* About this task: Take the line containing "- Este parâmetro" and each line after it through the end of the data below, and return them exactly, minus any pictures.

::: Data provided :::

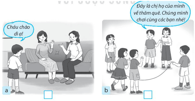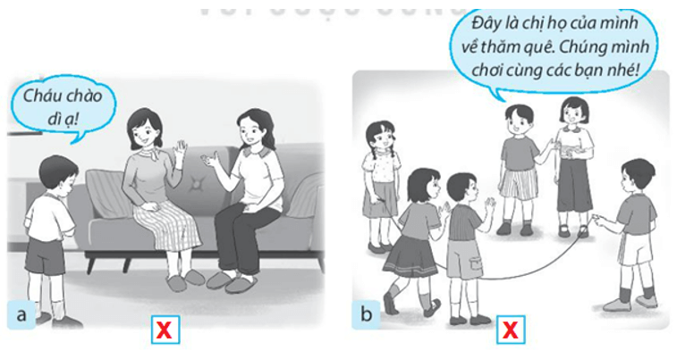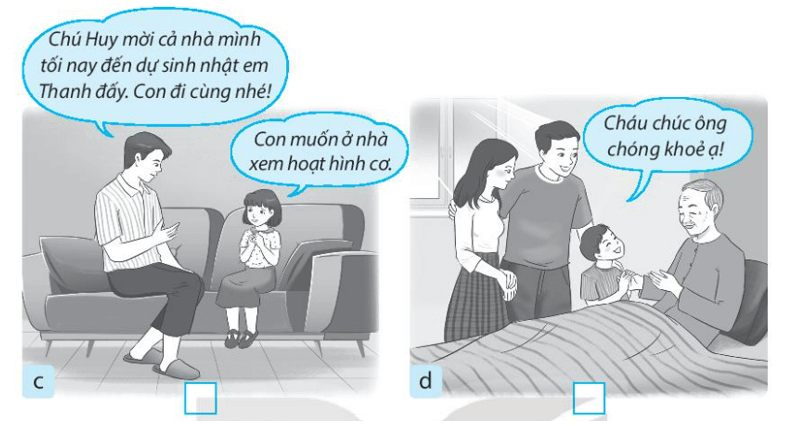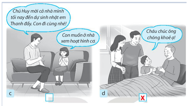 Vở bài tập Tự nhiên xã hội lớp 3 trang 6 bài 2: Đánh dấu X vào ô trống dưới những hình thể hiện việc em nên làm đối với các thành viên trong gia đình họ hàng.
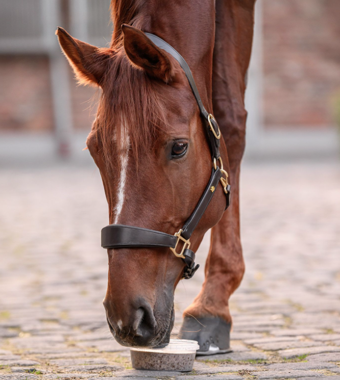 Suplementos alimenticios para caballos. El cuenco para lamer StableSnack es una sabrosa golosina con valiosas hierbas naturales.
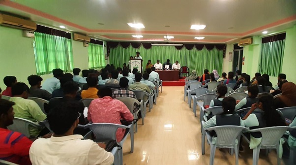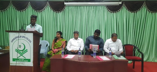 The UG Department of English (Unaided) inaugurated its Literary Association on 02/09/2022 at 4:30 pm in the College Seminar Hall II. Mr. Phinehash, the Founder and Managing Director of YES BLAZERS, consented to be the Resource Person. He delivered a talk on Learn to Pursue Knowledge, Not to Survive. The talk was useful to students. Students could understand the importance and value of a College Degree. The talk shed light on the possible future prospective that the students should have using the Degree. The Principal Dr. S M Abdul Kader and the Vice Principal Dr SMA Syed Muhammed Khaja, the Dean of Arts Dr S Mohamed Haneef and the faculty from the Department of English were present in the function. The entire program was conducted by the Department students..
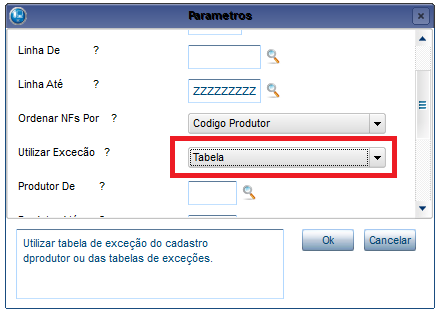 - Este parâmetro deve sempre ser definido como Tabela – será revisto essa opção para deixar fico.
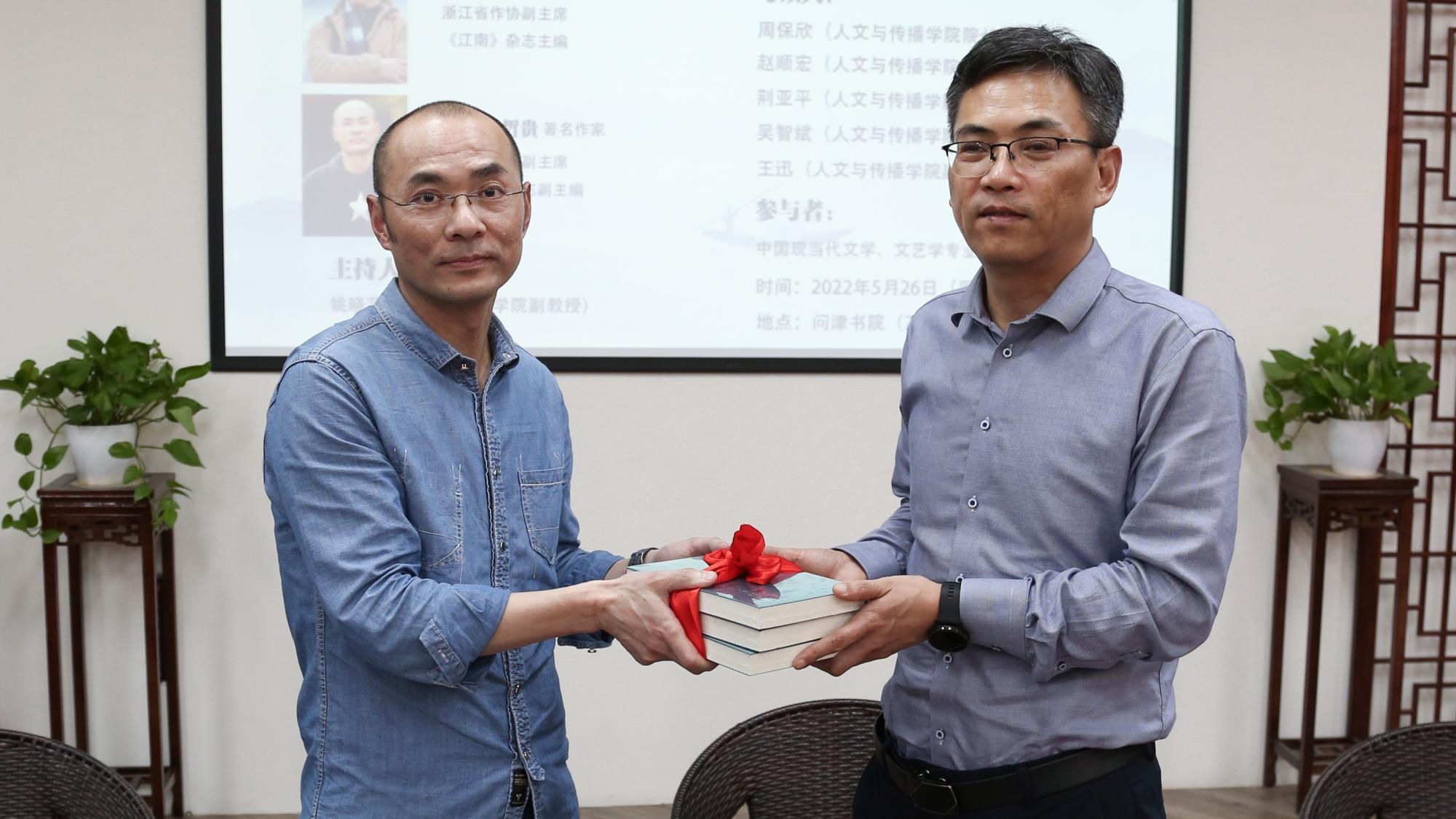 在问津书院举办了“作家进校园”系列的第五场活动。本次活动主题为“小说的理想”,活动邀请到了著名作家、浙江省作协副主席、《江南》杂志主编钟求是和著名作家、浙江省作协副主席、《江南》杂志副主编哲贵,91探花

:::

* Response:
 - Este parâmetro deve sempre ser definido como Tabela – será revisto essa opção para deixar fico.
 在问津书院举办了“作家进校园”系列的第五场活动。本次活动主题为“小说的理想”,活动邀请到了著名作家、浙江省作协副主席、《江南》杂志主编钟求是和著名作家、浙江省作协副主席、《江南》杂志副主编哲贵,91探花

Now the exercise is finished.